Kein Widerrufsrecht des Verbrauchers bei telefonischer Auftragsvergabe am Tag nach dem Angebot
Ein Hauseigentümer ließ von einem Dachdeckerbetrieb die Dachrinnen erneuern. Bei dieser Arbeit fiel einem der Handwerker auf, dass der Wandanschluss des Daches undicht war. Darauf wies er den Auftraggeber hin. Vor Ort erläuterte der Dachdeckermeister dem Hauseigentümer, was zu tun wäre und schätzte die Kosten auf ca. 1.200 Euro. Am nächsten Tag meldete sich der Auftraggeber per Telefon und erteilte den zusätzlichen Auftrag.
Nachdem der Handwerksbetrieb alles einwandfrei erledigt hatte, widerrief der Hauseigentümer beide Aufträge schriftlich und verlangte den Werklohn zurück. Diese Möglichkeit, Geld zu sparen, hatte er in einem Flyer entdeckt, den er nun dem Handwerker überreichte. Titel des Flyers: "Der Handwerker-Widerruf — Schützen Sie sich vor unseriösen Handwerkern". Der überaus seriöse Dachdecker ließ sich darauf allerdings nicht ein.
Von der Justiz wurde der Streit unterschiedlich beurteilt: Während das Amtsgericht den Widerruf der Handwerkerverträge für missbräuchlich hielt, gab das Landgericht Hannover dem Hauseigentümer in Bezug auf den Zusatzauftrag Recht.
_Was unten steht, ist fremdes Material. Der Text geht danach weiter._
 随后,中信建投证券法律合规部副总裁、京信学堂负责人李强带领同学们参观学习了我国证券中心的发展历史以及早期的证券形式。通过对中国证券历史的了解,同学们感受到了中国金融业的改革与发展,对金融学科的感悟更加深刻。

Doch der Bundesgerichtshof (BGH) hob dieses Urteil wieder auf. Begründung: Wenn das Angebot des Handwerkers und die Vertragsannahme durch den Verbraucher zeitlich und räumlich auseinanderfallen, besteht kein Widerrufsrecht (VII ZR 151/22).
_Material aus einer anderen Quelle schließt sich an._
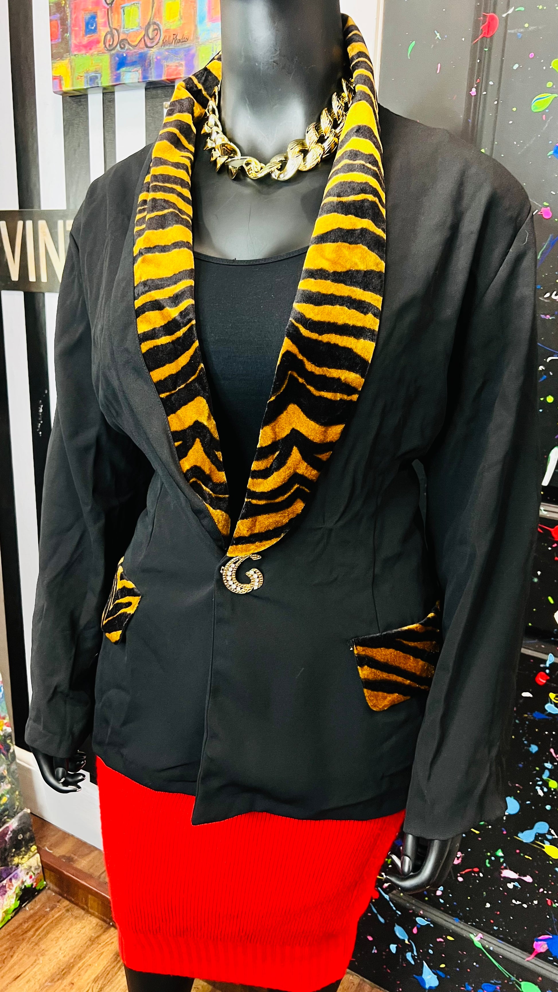 Vintage Animal Print Trim Blazer (20/22)

Das Landgericht habe unzulässig den Einwand des Dachdeckers ignoriert, dass die Parteien den Zusatzauftrag nicht schon am Haus geschlossen haben, so der BGH. Beim Ortstermin habe der Handwerker dem Hauseigentümer erklärt, welche Arbeiten erforderlich seien, um den defekten Wandanschluss zu reparieren. Dieser habe das Angebot des Handwerkers aber erst am Folgetag telefonisch angenommen. Erst damit sei der Vertrag zustande gekommen.
Das Widerrufsrecht des Verbrauchers setze nicht nur voraus, dass ein Vertrag außerhalb von Geschäftsräumen geschlossen worden sei. Darüber hinaus müssten auch beide Vertragsparteien beim Vertragsschluss persönlich anwesend sein, Angebot und Annahme müssten gleichzeitig erfolgen. Schließlich solle das Widerrufsrecht Verbraucher davor schützen, außerhalb von Geschäftsräumen — also in einer möglicherweise überraschenden Situation — vorschnell eine geschäftliche Entscheidung zu treffen.
Wenn ein Verbraucher jedoch — wie hier — "eine Nacht drüber schlafen" könne, habe er die Möglichkeit, sich die Entscheidung gründlich zu überlegen. Unter diesen Umständen benötige er kein Widerrufsrecht. Der Hauseigentümer habe weder unter Zeitdruck gestanden, noch habe die Gefahr bestanden, von einem überraschenden Angebot "überrumpelt" zu werden. Wer das Angebot eines Handwerkers vom Vortag telefonisch annehme, bekomme kein Geld zurück, wenn er nach getaner Arbeit den Vertrag widerrufe.